Records excerpted from a collection ->
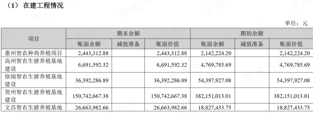 即使经历了正邦的破产危机,破产去产能的现象也没有发生。而且,无论是牧原股份还是京基智农,账面仍有大量的在建猪场。
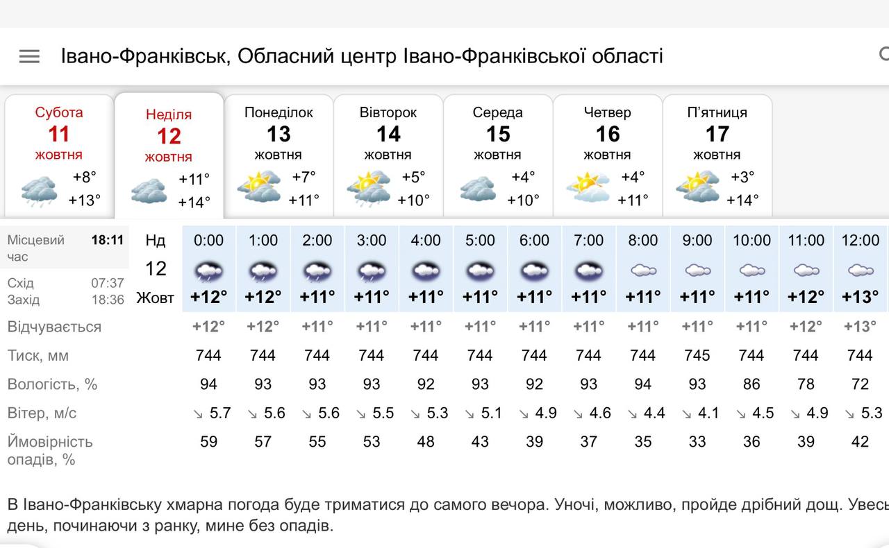 В Івано-Франківську сьогодні, 12 жовтня, хмарна погода буде триматися до самого вечора.
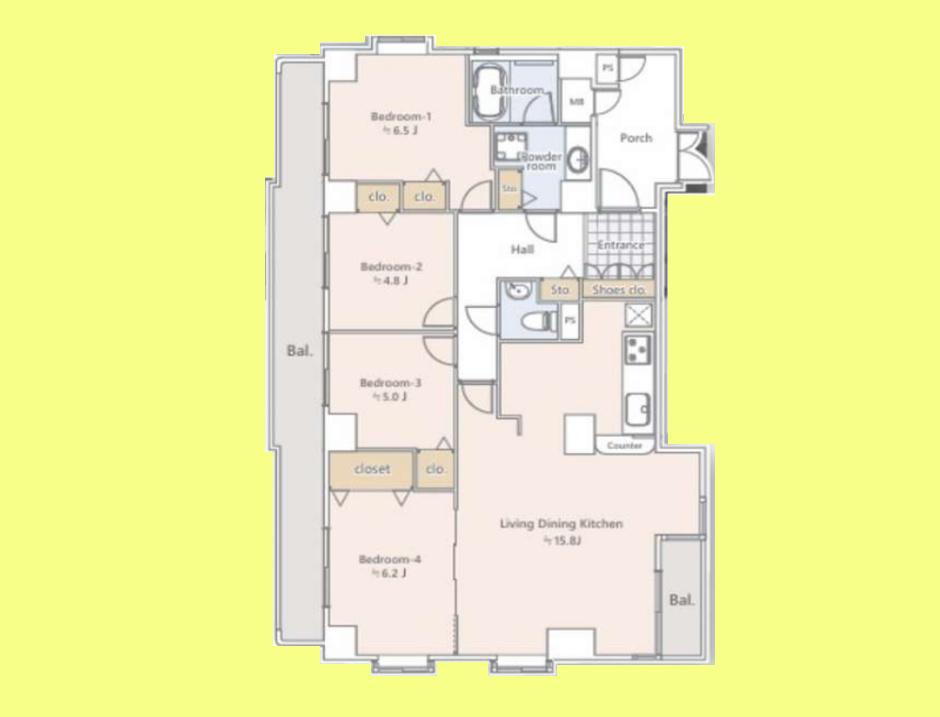 | 総戸数 | 68戸 | 専有面積 | 100.91m2(壁芯) |
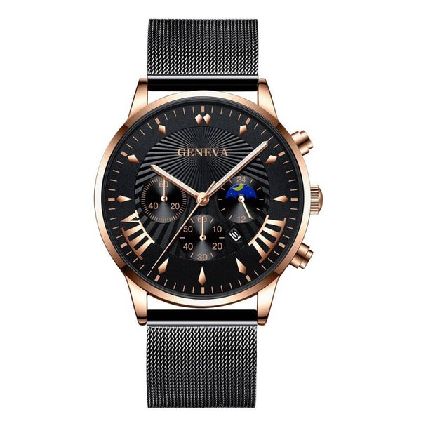 Reloj analogo de caballero con extensible metalico y broche simple, cuenta con fechador
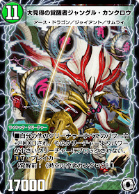 《大見得の覚醒者ジャングル・カンクロウ》は、味方にブロックされない効果を付与して、ビート時相手の妨害を防ぐ効果を持ったクリーチャーだ。ブロックされない効果は味方クリーチャーのパワーラインに依存するため、《超覚醒ラスト・ストームXX》などの効果で大型獣を大量展開したリーサルターンなどで猛威を発揮する。
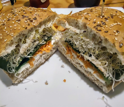 Read moreI came to the restaurant with the anticipation of a great veggie burger. Ultimately, that is not what I ordered. Things were hit and miss. Started with the entrada of atun, which looked great on the menu photo...a nice slice of tuna on a flat bread. What we received was bits of tuna on a cracker...not quitexthe same thing. I ordered the hamberguesa de pollo con tecino. Not a chicken burger, but a thin chicken breast. It was tasty, thanks to the bacon and cucumber. It cdme with veggie chips, which were stale.
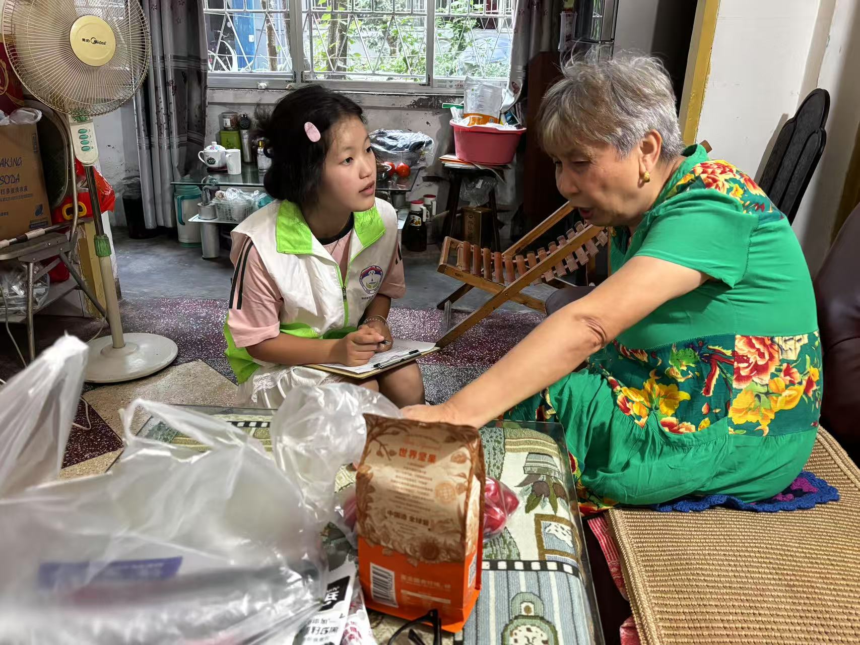在心理学邹赞横老师的带领下,大学生志愿者们走进了居民何中碧、黄天雄、王玉琼三位老人的家中,以入户访谈的形式传递关怀、倾听心声。为确保访谈效果,志愿者们在正式访谈前做了充分准备。他们依据前期访谈资料,精心调整制定访谈提纲,还采买了食盐、水果、蔬菜、麦片等食品作为上门礼物,展现了满满的诚意与关怀。
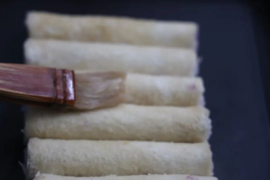 4.抹紫薯泥,均匀涂抹后卷起,刷上蜂蜜。
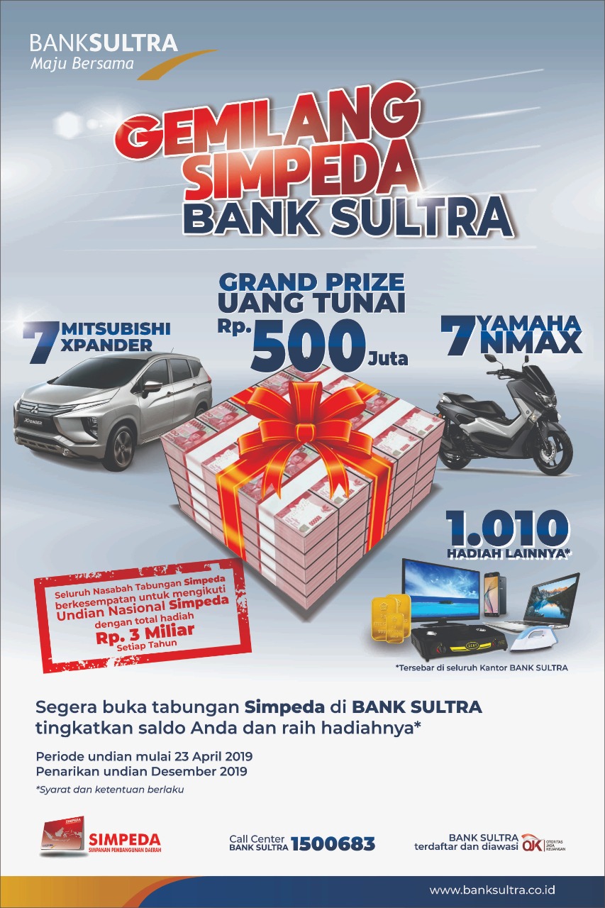 Selain berpeluang mendapatkan hadiah senilai miliaran rupiah pada undian Gemilang Simpeda Bank Sultra, nasabah Simpeda Bank Sultra juga diikutkan pada undian nasional Simpeda yang diundi sekali setahun dengan total hadiah Rp. 3 miliar.
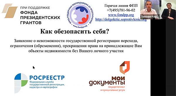 2 ноября 2020 года Фонд поддержки пострадавших от преступлений провел первый вебинар в рамках проекта «Право на безопасное долголетие» — «Мошенничества в сфере недвижимости» для ветеранских организаций и ЦСО ТиНАО. Он прошел на базе коворкинг-центра ТиНАО Московского дома общественных организаций. Трансляция вебинара велась на платформе ZOOM и на Ютуб-канале.
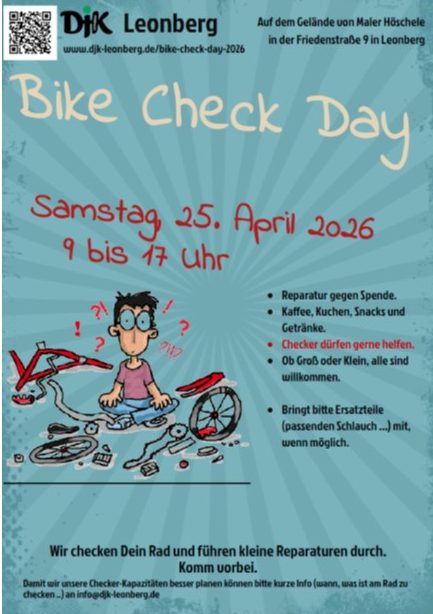 Am Samstag, 25. April 2026, lädt die DJK Leonberg zum Bike Check Day ein. Von 9 bis 17 Uhr dreht sich auf dem Gelände von Maler Höschele in der Friedenstraße 9 in Leonberg alles rund ums Fahrrad: Checker prüfen Räder, führen kleinere Reparaturen durch und machen Groß und Klein fit für die neue Radsaison.
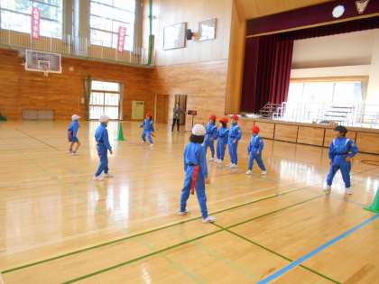 1,2年生は体育で、鬼ごっこ型の玉入れゲームの学習に取り組みました。子供たちは、安全地帯をうまく利用して攻撃をしたり、たすきのしっぽを取られないように素早く動いたりして熱心に活動しました。
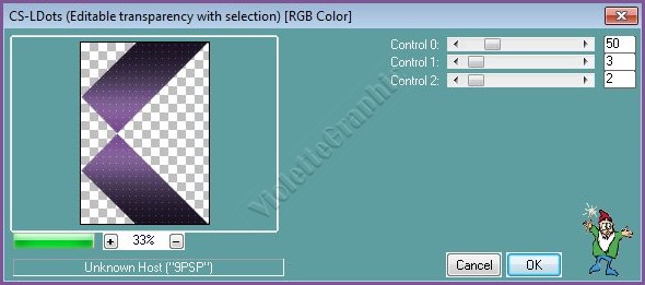 Sélection/Transformer la sélection en calque **Effets /Carolaine et Sensibilité / CS-LDots réglages suivants :
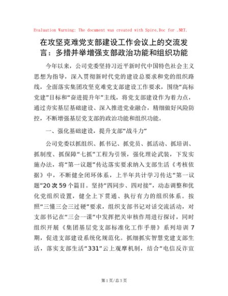 / 在攻坚克难党支部建设工作会议上的交流发言:多措并举增强支部政治功能和组织功能
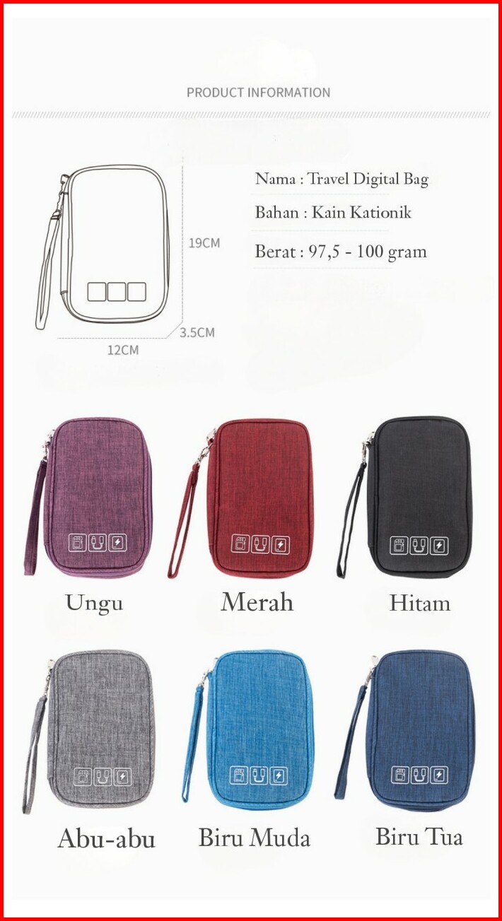 Tas Kabel Charger Usb Travel Pouch Organizer Cable Bag Dompet Gadget
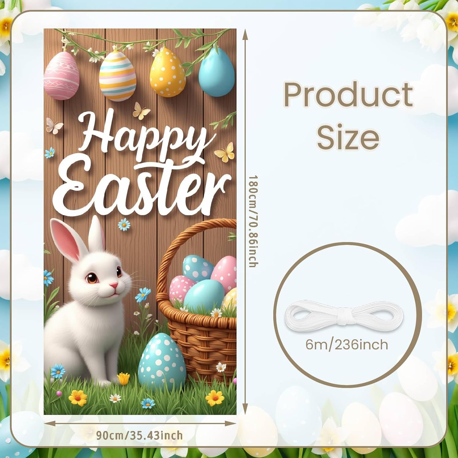 Features:This Easter door cover decoration comes with bunny rabbits, eggs, flowers, and butterfly patterns, adding a strong and colorful Easter atmosphere to your Easter party.Specifications:Material: PolyesterColor: ColorfulSize: 180x90cm/70.8x35.4inchPackage includes:1×Happy Easter door cover banner1 × Hanging RopeNotes:1. Please unfold it ahead of the party or lightly iron the banner if there are creases.2. Manual measurement, please allow slight errors in size.3. The color may have slight differences due to different screen displays.

REQUIRED WORK ->
All entries above are to be restated exactly, with every image omitted.

WRITTEN REPLY ->
 即使经历了正邦的破产危机,破产去产能的现象也没有发生。而且,无论是牧原股份还是京基智农,账面仍有大量的在建猪场。
 В Івано-Франківську сьогодні, 12 жовтня, хмарна погода буде триматися до самого вечора.
 | 総戸数 | 68戸 | 専有面積 | 100.91m2(壁芯) |
 Reloj analogo de caballero con extensible metalico y broche simple, cuenta con fechador
 《大見得の覚醒者ジャングル・カンクロウ》は、味方にブロックされない効果を付与して、ビート時相手の妨害を防ぐ効果を持ったクリーチャーだ。ブロックされない効果は味方クリーチャーのパワーラインに依存するため、《超覚醒ラスト・ストームXX》などの効果で大型獣を大量展開したリーサルターンなどで猛威を発揮する。
 Read moreI came to the restaurant with the anticipation of a great veggie burger. Ultimately, that is not what I ordered. Things were hit and miss. Started with the entrada of atun, which looked great on the menu photo...a nice slice of tuna on a flat bread. What we received was bits of tuna on a cracker...not quitexthe same thing. I ordered the hamberguesa de pollo con tecino. Not a chicken burger, but a thin chicken breast. It was tasty, thanks to the bacon and cucumber. It cdme with veggie chips, which were stale.
在心理学邹赞横老师的带领下,大学生志愿者们走进了居民何中碧、黄天雄、王玉琼三位老人的家中,以入户访谈的形式传递关怀、倾听心声。为确保访谈效果,志愿者们在正式访谈前做了充分准备。他们依据前期访谈资料,精心调整制定访谈提纲,还采买了食盐、水果、蔬菜、麦片等食品作为上门礼物,展现了满满的诚意与关怀。
 4.抹紫薯泥,均匀涂抹后卷起,刷上蜂蜜。
 Selain berpeluang mendapatkan hadiah senilai miliaran rupiah pada undian Gemilang Simpeda Bank Sultra, nasabah Simpeda Bank Sultra juga diikutkan pada undian nasional Simpeda yang diundi sekali setahun dengan total hadiah Rp. 3 miliar.
 2 ноября 2020 года Фонд поддержки пострадавших от преступлений провел первый вебинар в рамках проекта «Право на безопасное долголетие» — «Мошенничества в сфере недвижимости» для ветеранских организаций и ЦСО ТиНАО. Он прошел на базе коворкинг-центра ТиНАО Московского дома общественных организаций. Трансляция вебинара велась на платформе ZOOM и на Ютуб-канале.
 Am Samstag, 25. April 2026, lädt die DJK Leonberg zum Bike Check Day ein. Von 9 bis 17 Uhr dreht sich auf dem Gelände von Maler Höschele in der Friedenstraße 9 in Leonberg alles rund ums Fahrrad: Checker prüfen Räder, führen kleinere Reparaturen durch und machen Groß und Klein fit für die neue Radsaison.
 1,2年生は体育で、鬼ごっこ型の玉入れゲームの学習に取り組みました。子供たちは、安全地帯をうまく利用して攻撃をしたり、たすきのしっぽを取られないように素早く動いたりして熱心に活動しました。
 Sélection/Transformer la sélection en calque **Effets /Carolaine et Sensibilité / CS-LDots réglages suivants :
 / 在攻坚克难党支部建设工作会议上的交流发言:多措并举增强支部政治功能和组织功能
 Tas Kabel Charger Usb Travel Pouch Organizer Cable Bag Dompet Gadget
 Features:This Easter door cover decoration comes with bunny rabbits, eggs, flowers, and butterfly patterns, adding a strong and colorful Easter atmosphere to your Easter party.Specifications:Material: PolyesterColor: ColorfulSize: 180x90cm/70.8x35.4inchPackage includes:1×Happy Easter door cover banner1 × Hanging RopeNotes:1. Please unfold it ahead of the party or lightly iron the banner if there are creases.2. Manual measurement, please allow slight errors in size.3. The color may have slight differences due to different screen displays.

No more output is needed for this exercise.